I probably won't change it for now if it doesn't matter...


> Also, I think there are cases where the CSD callback can run without
> having received an IPI, so we could potentially up passing NULL for the regs
> here which probably goes boom.

Hrm, good point.  This is not a new issue so I'd tend to add it to the
TODO list rather than block the series.  I'll also add a comment in
the code since I'm touching it anyway.

Interestingly enough quite a bit of things continue to work just fine
even if this is NULL.  I simulated setting this to NULL for all CPUs
and I could drop into the debugger, type "btc" to backtrace all CPUs,
attach to kgdb, etc.  ...but when I typed "cpu 1" it went boom.  So it
seems like parts of kdb use this but definitely not everything.

Also interesting is that on MIPS this is always NULL.  I have no idea
why but my patch series preserves this oddity.  Presumably if someone
was on a SMP MIPS machine and did "cpu 1" from kdb they'd go boom too.

In general kdb has a lot of crufty stuff like this in it.  We need to
work to get rid of the cruft but one step at a time I think.

I've started a kgdb-wishlist:

https://bugs.chromium.org/p/chromium/issues/list?q=label%3Akgdb-wishlist

...and this is crbug.com/908723


> > +void __weak kgdb_roundup_cpus(void)
> > +{
> > + call_single_data_t *csd;
> > + int this_cpu = get_cpu();
>
> Do you actually need to disable preemption here? afaict, irqs are already
> disabled by the kgdb core.

Ah, right.  I can just use raw_smp_processor_id().  Done.  I didn't
try to see if I could use smp_processor_id() since
kgdb_call_nmi_hook() already used raw_smp_processor_id(), but I can
dig if you wish.


> > + int cpu;
> > +
> > + for_each_cpu(cpu, cpu_online_mask) {
>
> for_each_online_cpu(cpu) ?

Done.


> I'm assuming this is serialised wrt CPU hotplug somehow?

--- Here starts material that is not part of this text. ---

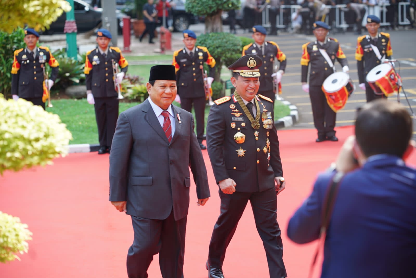 Mengenakan jas dan kopiah, Prabowo tiba di Mabes Polri sekitar pukul 14.00 WIB disambut Kapolri Jenderal Pol. Listyo Sigit Prabowo, Wakapolri Komjen Pol. Agus Andrianto dan para Pejabat Utama Mabes Polri lainnya.

I doubt it.  I can add it to my wishlist (crbug.com/908722) , but I
don't think it's something I'm going to try to solve right now and
it's definitely not new.  I think we need to make some sort of attempt
in kgdb_cpu_enter() to stop hotplugging, though we'd have to take into
account that we may be entering kgdb in an IRQ context so it might be
hard to grab a mutex.  We need to account for it there since that
function has code like:

> while (kgdb_do_roundup && --time_left &&
>(atomic_read(_in_kgdb) + atomic_read(_in_kgdb)) !=
>online_cpus)
> udelay(1000);

...and that would also be broken if cpus were plugging / unplugging.

In general, at least, the worst case would be that we'd either have an
extra 1 second delay entering the debugger (because we were waiting
for a CPU to respond that's been hotplugged) or we'd enter kgdb
without stopping one of the CPUs.  Neither of those is ideal but I
don't think we'd end up in too bad shape.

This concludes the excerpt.